Norman Bay, Director of FERC’s Office of Enforcement, testified yesterday before the Senate Subcommittee on Financial Institutions and Consumer Protection regarding regulations for financial holding companies and physical commodities.
In prepared remarks, Mr. Bay stated that FERC has the “tools necessary to effectively police FERC-regulated markets” but identified two regulatory limitations to its oversight efforts. First, he noted that FERC’s surveillance program lacks data from certain financial markets regulated by the CFTC. These financial markets are “interrelated” with physical markets regulated by FERC, and FERC has found that some market participants could use positions in one market unlawfully to benefit a position in another. Mr. Bay highlighted the recent information sharing agreements between FERC and the CFTC, and urged the agencies to work together in implementing them.
Second, Mr. Bay identified the jurisdictional “uncertainty” caused by the D.C. Circuit’s decision in Hunter v. FERC, 711 F.3d 155 (D.C. Cir. 2013). In Hunter, the court ruled that FERC lacked jurisdiction to bring manipulation charges over futures contracts regulated by the CFTC, even if the activity affected physical markets regulated by FERC. Mr. Bay claimed that some market participants interpret Hunter “to cover not only manipulation in the futures market, but also many additional transactions and products, including those squarely within FERC’s jurisdictional markets.” He suggested a “legislative fix to eliminate uncertainty on this matter”.

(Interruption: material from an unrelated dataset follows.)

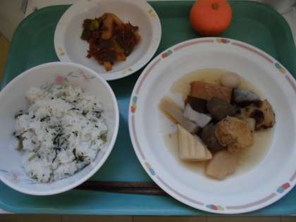 今日の給食は、菜飯、牛乳、大蔵大根おでん、五目きんぴら、みかんです。

Mr. Bay also testified about the role of financial institutions in physical markets, stressing that FERC treats these institutions in the same manner as traditional market participants, such as generators and utilities. He recognized that financial institutions have long played a role in physical markets, noting that their role has declined in recent years. He highlighted the benefits financial institutions can play in markets, such as by providing liquidity, and did not take a position on whether there are emerging trends of potential manipulation caused by financial institutions. His testimony echoed a large academic literature that also concludes that financial participants facilitate well-functioning markets.
Representatives for the CFTC and Board of Governors of the Federal Reserve System also testified.